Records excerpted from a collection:
* * * * *
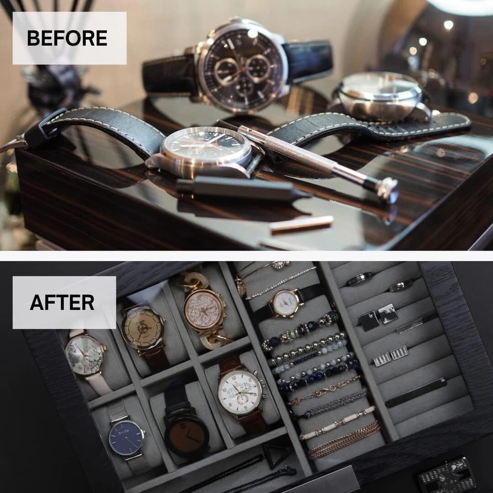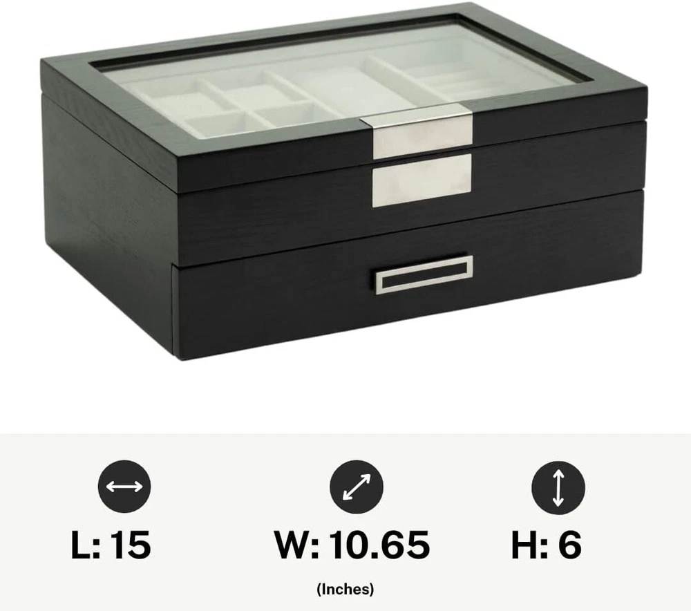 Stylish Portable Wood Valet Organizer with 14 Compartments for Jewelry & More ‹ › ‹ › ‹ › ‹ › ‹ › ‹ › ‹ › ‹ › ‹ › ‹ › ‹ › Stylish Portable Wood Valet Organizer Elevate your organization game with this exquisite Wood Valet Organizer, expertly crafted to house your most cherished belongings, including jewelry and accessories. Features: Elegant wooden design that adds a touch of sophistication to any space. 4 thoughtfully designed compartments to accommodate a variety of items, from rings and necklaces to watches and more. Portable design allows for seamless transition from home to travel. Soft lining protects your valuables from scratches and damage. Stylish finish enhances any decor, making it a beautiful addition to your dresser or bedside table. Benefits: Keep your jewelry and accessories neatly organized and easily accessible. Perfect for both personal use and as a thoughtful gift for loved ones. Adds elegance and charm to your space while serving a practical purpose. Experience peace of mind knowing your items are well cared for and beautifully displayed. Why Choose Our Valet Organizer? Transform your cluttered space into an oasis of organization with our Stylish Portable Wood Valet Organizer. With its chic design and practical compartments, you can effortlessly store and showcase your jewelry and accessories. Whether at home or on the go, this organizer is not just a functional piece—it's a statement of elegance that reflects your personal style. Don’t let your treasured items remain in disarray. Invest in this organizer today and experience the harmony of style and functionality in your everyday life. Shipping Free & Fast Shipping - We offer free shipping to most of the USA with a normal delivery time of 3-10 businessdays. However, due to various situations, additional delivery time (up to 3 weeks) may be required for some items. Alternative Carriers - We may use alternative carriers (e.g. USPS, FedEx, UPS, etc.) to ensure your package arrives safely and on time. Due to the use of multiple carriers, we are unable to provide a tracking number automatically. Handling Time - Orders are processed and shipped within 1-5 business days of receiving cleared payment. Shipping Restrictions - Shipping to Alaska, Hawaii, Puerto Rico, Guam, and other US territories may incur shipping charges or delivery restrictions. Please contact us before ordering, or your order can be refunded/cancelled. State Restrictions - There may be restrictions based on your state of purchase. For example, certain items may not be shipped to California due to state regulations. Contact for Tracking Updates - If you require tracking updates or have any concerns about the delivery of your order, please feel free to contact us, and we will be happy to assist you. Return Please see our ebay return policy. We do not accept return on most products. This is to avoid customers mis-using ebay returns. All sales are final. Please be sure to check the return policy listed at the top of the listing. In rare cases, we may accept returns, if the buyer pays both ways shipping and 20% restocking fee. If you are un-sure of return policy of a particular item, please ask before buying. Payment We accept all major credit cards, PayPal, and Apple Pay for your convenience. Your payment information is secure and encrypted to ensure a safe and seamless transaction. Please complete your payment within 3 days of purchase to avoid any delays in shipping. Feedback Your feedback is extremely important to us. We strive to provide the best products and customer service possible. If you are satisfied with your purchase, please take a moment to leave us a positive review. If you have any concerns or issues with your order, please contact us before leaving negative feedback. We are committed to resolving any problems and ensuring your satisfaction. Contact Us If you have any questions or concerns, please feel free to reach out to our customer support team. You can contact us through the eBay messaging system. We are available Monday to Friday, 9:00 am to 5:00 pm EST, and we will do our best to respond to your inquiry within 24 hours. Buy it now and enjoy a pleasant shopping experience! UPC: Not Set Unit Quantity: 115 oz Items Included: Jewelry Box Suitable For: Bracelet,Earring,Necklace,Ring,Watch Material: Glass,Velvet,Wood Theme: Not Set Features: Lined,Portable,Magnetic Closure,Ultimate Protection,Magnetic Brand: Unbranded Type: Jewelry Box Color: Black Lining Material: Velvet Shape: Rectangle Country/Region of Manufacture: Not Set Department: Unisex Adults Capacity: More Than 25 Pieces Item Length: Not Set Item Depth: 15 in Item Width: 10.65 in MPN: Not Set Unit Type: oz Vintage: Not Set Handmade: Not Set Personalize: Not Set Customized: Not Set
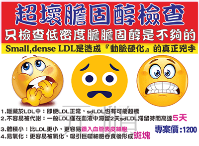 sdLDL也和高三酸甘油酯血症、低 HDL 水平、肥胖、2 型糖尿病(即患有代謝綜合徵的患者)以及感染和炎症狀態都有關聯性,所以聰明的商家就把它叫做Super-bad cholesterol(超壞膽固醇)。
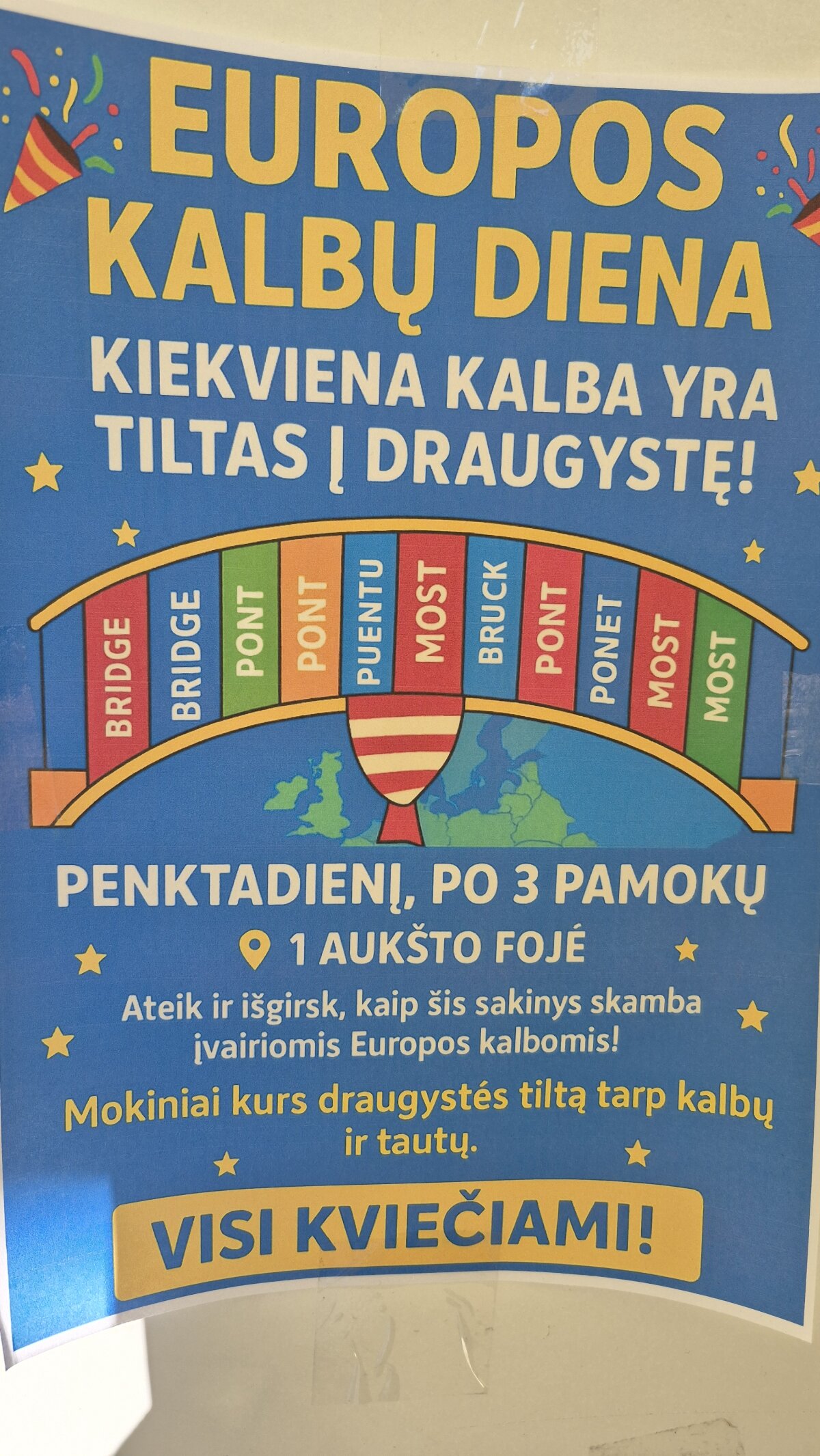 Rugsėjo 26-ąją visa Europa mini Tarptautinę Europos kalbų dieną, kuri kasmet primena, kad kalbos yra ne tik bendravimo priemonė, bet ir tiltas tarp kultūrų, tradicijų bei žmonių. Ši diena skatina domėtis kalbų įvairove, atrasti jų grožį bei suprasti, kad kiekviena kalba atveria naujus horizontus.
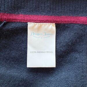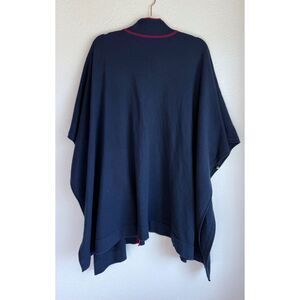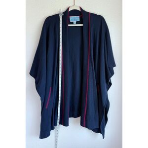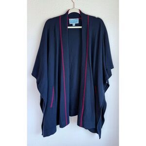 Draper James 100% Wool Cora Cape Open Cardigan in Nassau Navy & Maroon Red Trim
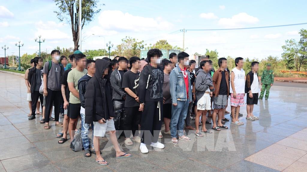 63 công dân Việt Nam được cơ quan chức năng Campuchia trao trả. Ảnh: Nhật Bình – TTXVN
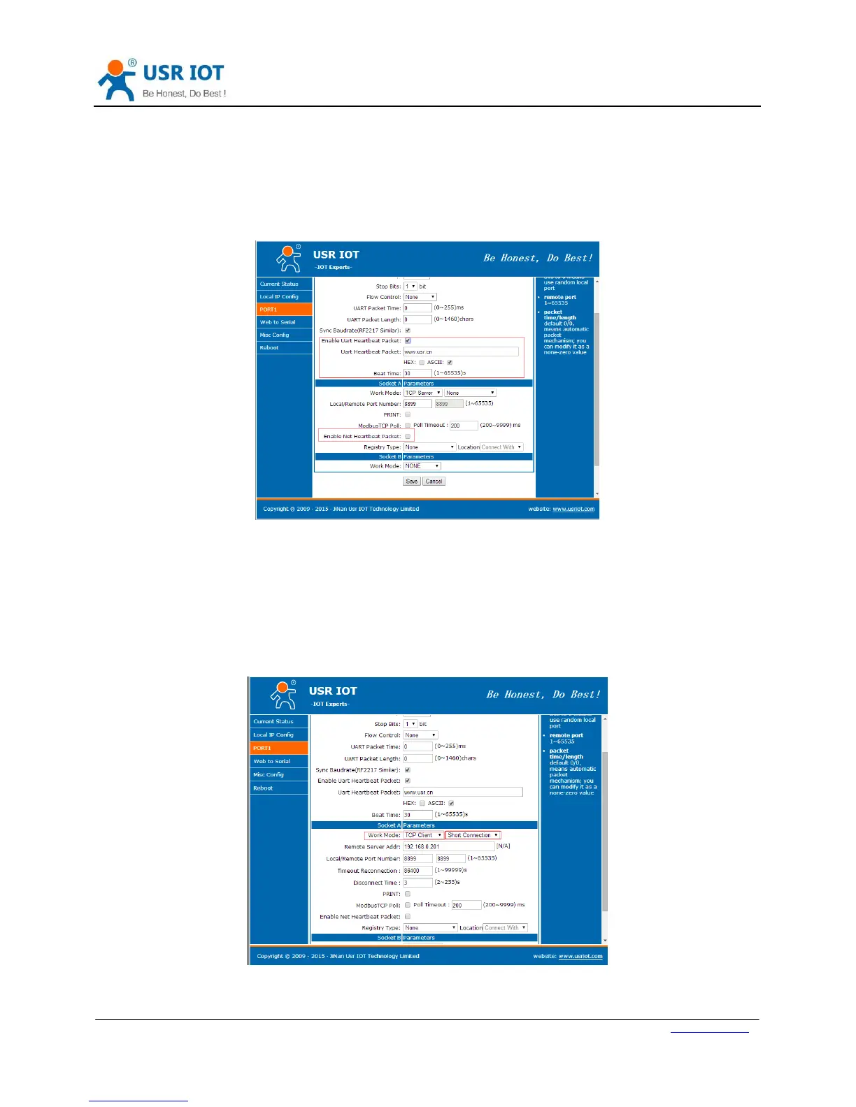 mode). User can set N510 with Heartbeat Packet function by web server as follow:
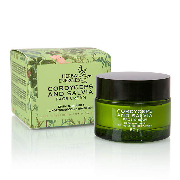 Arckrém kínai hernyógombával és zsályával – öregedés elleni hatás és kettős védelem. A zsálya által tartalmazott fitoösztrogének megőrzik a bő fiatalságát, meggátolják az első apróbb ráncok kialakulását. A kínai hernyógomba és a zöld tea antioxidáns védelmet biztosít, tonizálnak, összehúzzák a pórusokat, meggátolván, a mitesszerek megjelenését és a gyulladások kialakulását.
* * * * *
Directions:
Could you transcribe all of the data exactly and omit the pictures?

Answer for the task:
 Stylish Portable Wood Valet Organizer with 14 Compartments for Jewelry & More ‹ › ‹ › ‹ › ‹ › ‹ › ‹ › ‹ › ‹ › ‹ › ‹ › ‹ › Stylish Portable Wood Valet Organizer Elevate your organization game with this exquisite Wood Valet Organizer, expertly crafted to house your most cherished belongings, including jewelry and accessories. Features: Elegant wooden design that adds a touch of sophistication to any space. 4 thoughtfully designed compartments to accommodate a variety of items, from rings and necklaces to watches and more. Portable design allows for seamless transition from home to travel. Soft lining protects your valuables from scratches and damage. Stylish finish enhances any decor, making it a beautiful addition to your dresser or bedside table. Benefits: Keep your jewelry and accessories neatly organized and easily accessible. Perfect for both personal use and as a thoughtful gift for loved ones. Adds elegance and charm to your space while serving a practical purpose. Experience peace of mind knowing your items are well cared for and beautifully displayed. Why Choose Our Valet Organizer? Transform your cluttered space into an oasis of organization with our Stylish Portable Wood Valet Organizer. With its chic design and practical compartments, you can effortlessly store and showcase your jewelry and accessories. Whether at home or on the go, this organizer is not just a functional piece—it's a statement of elegance that reflects your personal style. Don’t let your treasured items remain in disarray. Invest in this organizer today and experience the harmony of style and functionality in your everyday life. Shipping Free & Fast Shipping - We offer free shipping to most of the USA with a normal delivery time of 3-10 businessdays. However, due to various situations, additional delivery time (up to 3 weeks) may be required for some items. Alternative Carriers - We may use alternative carriers (e.g. USPS, FedEx, UPS, etc.) to ensure your package arrives safely and on time. Due to the use of multiple carriers, we are unable to provide a tracking number automatically. Handling Time - Orders are processed and shipped within 1-5 business days of receiving cleared payment. Shipping Restrictions - Shipping to Alaska, Hawaii, Puerto Rico, Guam, and other US territories may incur shipping charges or delivery restrictions. Please contact us before ordering, or your order can be refunded/cancelled. State Restrictions - There may be restrictions based on your state of purchase. For example, certain items may not be shipped to California due to state regulations. Contact for Tracking Updates - If you require tracking updates or have any concerns about the delivery of your order, please feel free to contact us, and we will be happy to assist you. Return Please see our ebay return policy. We do not accept return on most products. This is to avoid customers mis-using ebay returns. All sales are final. Please be sure to check the return policy listed at the top of the listing. In rare cases, we may accept returns, if the buyer pays both ways shipping and 20% restocking fee. If you are un-sure of return policy of a particular item, please ask before buying. Payment We accept all major credit cards, PayPal, and Apple Pay for your convenience. Your payment information is secure and encrypted to ensure a safe and seamless transaction. Please complete your payment within 3 days of purchase to avoid any delays in shipping. Feedback Your feedback is extremely important to us. We strive to provide the best products and customer service possible. If you are satisfied with your purchase, please take a moment to leave us a positive review. If you have any concerns or issues with your order, please contact us before leaving negative feedback. We are committed to resolving any problems and ensuring your satisfaction. Contact Us If you have any questions or concerns, please feel free to reach out to our customer support team. You can contact us through the eBay messaging system. We are available Monday to Friday, 9:00 am to 5:00 pm EST, and we will do our best to respond to your inquiry within 24 hours. Buy it now and enjoy a pleasant shopping experience! UPC: Not Set Unit Quantity: 115 oz Items Included: Jewelry Box Suitable For: Bracelet,Earring,Necklace,Ring,Watch Material: Glass,Velvet,Wood Theme: Not Set Features: Lined,Portable,Magnetic Closure,Ultimate Protection,Magnetic Brand: Unbranded Type: Jewelry Box Color: Black Lining Material: Velvet Shape: Rectangle Country/Region of Manufacture: Not Set Department: Unisex Adults Capacity: More Than 25 Pieces Item Length: Not Set Item Depth: 15 in Item Width: 10.65 in MPN: Not Set Unit Type: oz Vintage: Not Set Handmade: Not Set Personalize: Not Set Customized: Not Set
 sdLDL也和高三酸甘油酯血症、低 HDL 水平、肥胖、2 型糖尿病(即患有代謝綜合徵的患者)以及感染和炎症狀態都有關聯性,所以聰明的商家就把它叫做Super-bad cholesterol(超壞膽固醇)。
 Rugsėjo 26-ąją visa Europa mini Tarptautinę Europos kalbų dieną, kuri kasmet primena, kad kalbos yra ne tik bendravimo priemonė, bet ir tiltas tarp kultūrų, tradicijų bei žmonių. Ši diena skatina domėtis kalbų įvairove, atrasti jų grožį bei suprasti, kad kiekviena kalba atveria naujus horizontus.
 Draper James 100% Wool Cora Cape Open Cardigan in Nassau Navy & Maroon Red Trim
 63 công dân Việt Nam được cơ quan chức năng Campuchia trao trả. Ảnh: Nhật Bình – TTXVN
 mode). User can set N510 with Heartbeat Packet function by web server as follow:
 Arckrém kínai hernyógombával és zsályával – öregedés elleni hatás és kettős védelem. A zsálya által tartalmazott fitoösztrogének megőrzik a bő fiatalságát, meggátolják az első apróbb ráncok kialakulását. A kínai hernyógomba és a zöld tea antioxidáns védelmet biztosít, tonizálnak, összehúzzák a pórusokat, meggátolván, a mitesszerek megjelenését és a gyulladások kialakulását.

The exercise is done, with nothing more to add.